Чтение онлайн

на главную - закладки

Жанры

Шрифт:

Ионеско — писатель высокой интуиции. О своём методе работы он пишет, слегка подтрунивая над собой и преувеличивая, но убедительно: «Очевидно, что написать пьесу нелегко; это требует значительных физических усилий. Нужно подняться, что утомительно; сесть, и только когда осознаешь, что поднялся, взяться за перо, отягощающее руку, разложить бумагу, которую надо ещё найти; сесть за стол, часто не выдерживающий тяжести локтей. …Относительно легко сочинять пьесу в голове, не записывая. Легко воображать, мечтать, растянувшись на кушетке, пребывая между сном и явью. Ты идёшь, не делая ни шагу, не контролируя себя. Неизвестно откуда появляется персонаж; он призывает других. Первый персонаж начинает говорить, звучит первая реплика, появляется первая запись, остальные возникают автоматически. Остаётся подчиниться, слушать, наблюдать за тем, что происходит на внутреннем экране…»77

Ионеско считает спонтанность важным творческим элементом: «У меня нет идей, пока я не начну писать пьесу. Они возникают, когда я уже написал её или когда я вообще не пишу. Творчество спонтанно. Для меня это именно так»78. Но это не означает, что он считает свои произведения бессмысленными или бесцельными. Напротив, работа спонтанного воображения — процесс познавательный, исследовательский: «Всё начинается с фантазии; это метод познания. Правда рождается воображением; отсутствие воображения порождает неправду»79. Всё, что рождает воображение, — психологическая реальность: «Поскольку художник постигает реальность непосредственно, он — истинный философ. Именно отсюда глубина и острота его философского видения, из которого проистекает его сила»80.

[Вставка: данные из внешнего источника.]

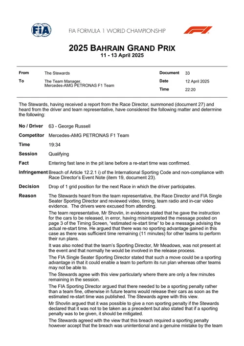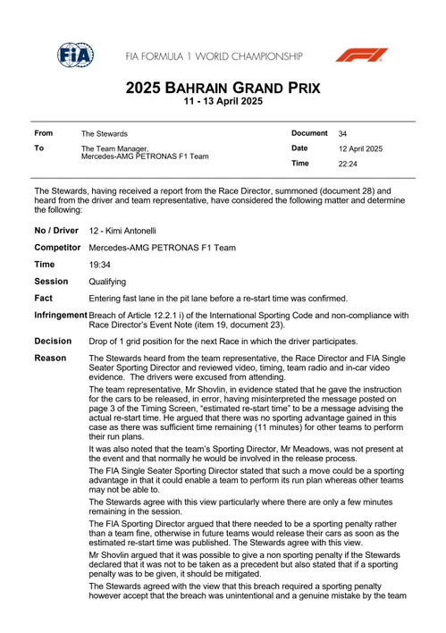 George Russell and Andrea Kimi Antonelli have both been relegated a single position by the stewards for failing to follow the race director's instructions. Before qualifying could resume, the two Mercedes drivers entered the fast lane before the restart time was confirmed.
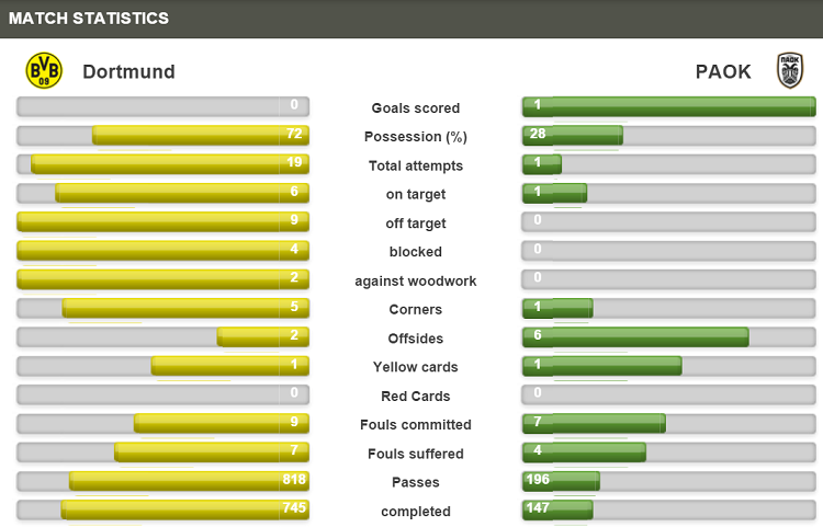 こちらは、試合後UEFA.comに掲載されたスタッツだ。左がドルトムント、右がPAOKのデータだが、見事に対照的な数値になっている。
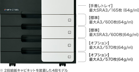 また各570枚セット可能な2段給紙キャビネットやA4用紙2,750枚セットできる「2750枚給紙キャビネット」、さらにはA4用紙3,500枚まで給紙できる「大容量給紙ユニット」など豊富な給紙オプションをご用意し、最大7,615枚の大量給紙を実現しました。
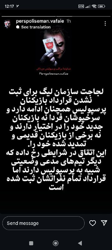 استوری حامد وفایی خبرنگار نزدیک به رضا درویش
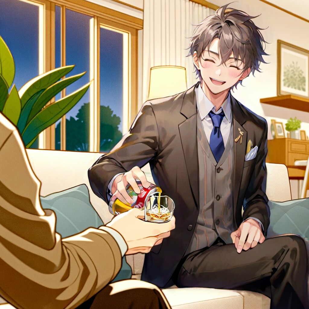 3枚目…爽やかな笑顔でグラスに何か注いじゃっているのでボツ
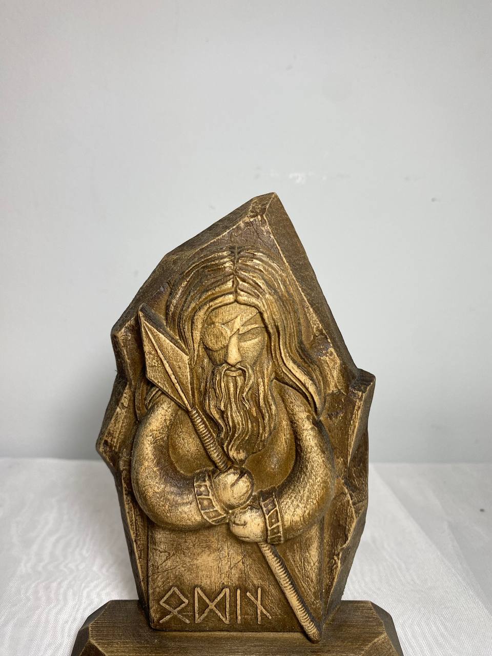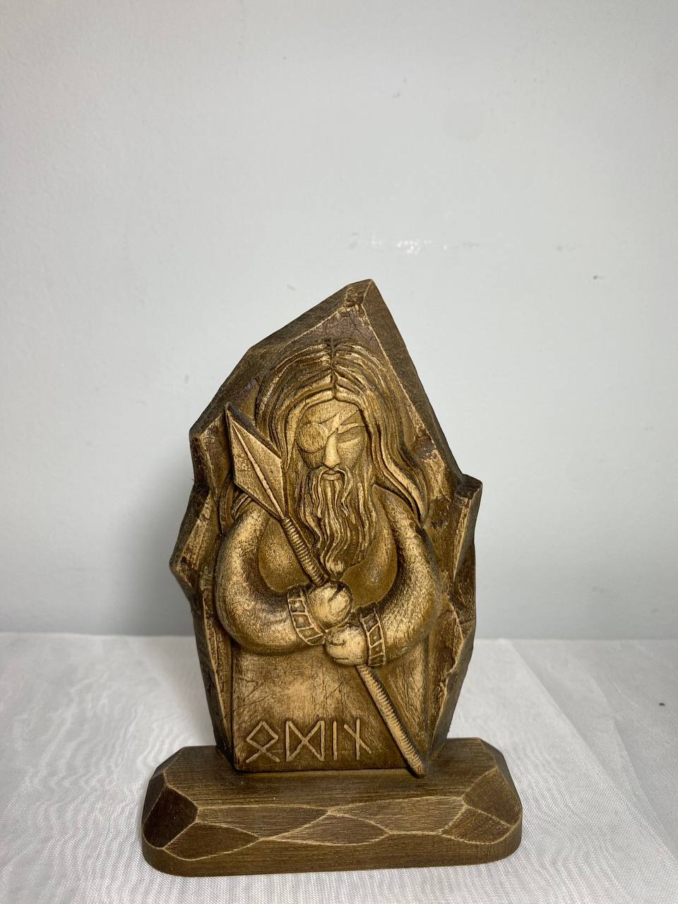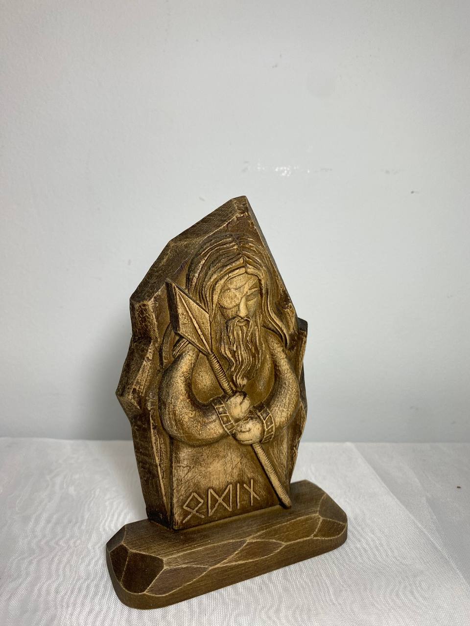 Odin, the all-father, is one of the most respected gods in Norse mythology. He is the god of wisdom, war, and death. And he is also incredibly handsome. Just look at this wood carving of him! Crafted by hand from ecological materials, this mini statue is perfect for any viking or pagan decor. The varnish coating protects the wood and ensures that this statue will last for many years to come. So if you're looking for a thoughtful and unique gift, or simply want to treat yourself to a beautiful work of art, Odin is your man.
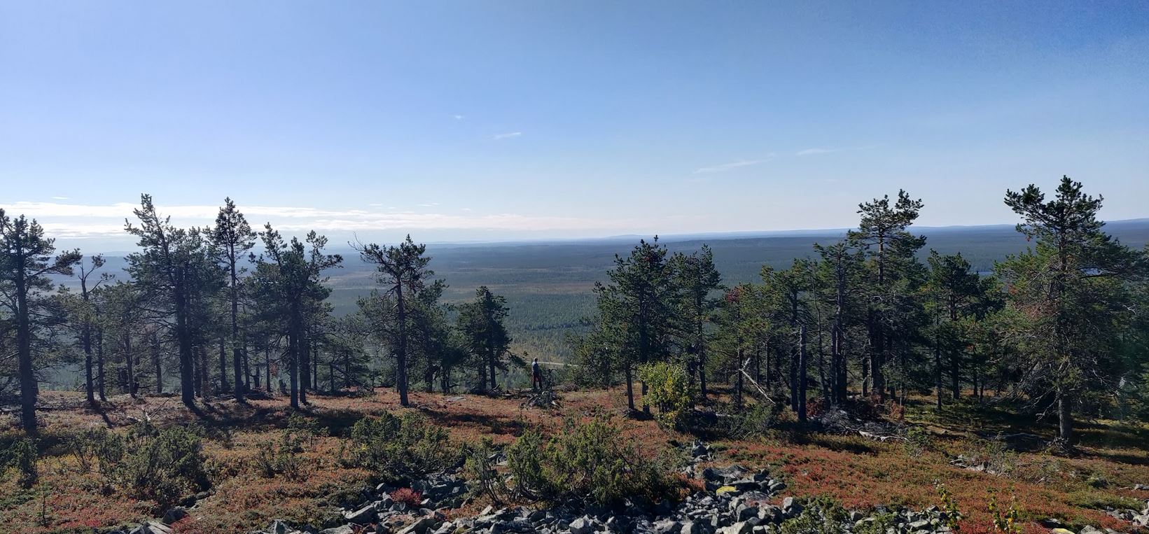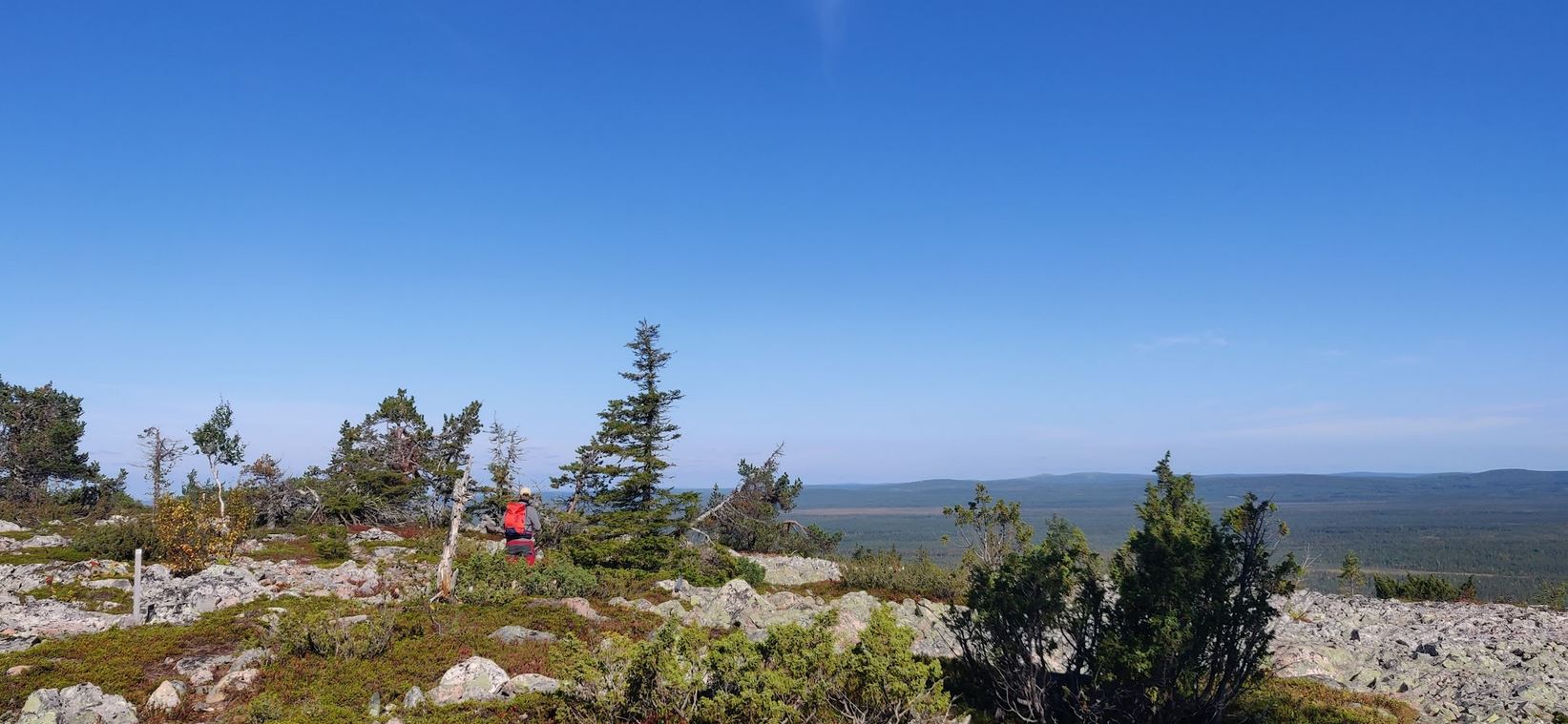 Keski-Luoston reitti tarkoittaa tosiasiassa reittiä, joka jatkuu aina Yli-Luoston autiotuvalle saakka. Huipulta käytännössä näkee suurimman osan loppureitistä, joka aaltoilee rakkamaana ja laskeutuu sitten metsään. Emme ole niin innokkaita patikoijia, että jaksaisimme kävellä päätyyn asti päiväretkellä, joten käännymme huipulta takaisin. Matkaa tulee näin noin kaksi ja puoli kilometriä suuntaansa.

Спонтанность творческого видения заключает в себе инструмент философского исследования и открытия. Но спонтанность не означает непрофессионализм; истинный художник настолько подчиняет себе технические средства, что может пользоваться ими бессознательно, как хорошая балерина, которая в совершенстве владея техникой танца, сосредотачивается на том, чтобы выразить музыку и чувства создаваемого ею образа. Ионеско не пренебрегает формальными приёмами драматургии. Он — мастер своего дела и классик. Он считает, что «цель авангарда открыть снова, не изобретая, в чистейшем виде постоянные формы и забытые идеалы театра. Мы должны отказаться от клише и освободиться от закоснелого “традиционализма”; вновь открыть подлинную, живую традицию»81.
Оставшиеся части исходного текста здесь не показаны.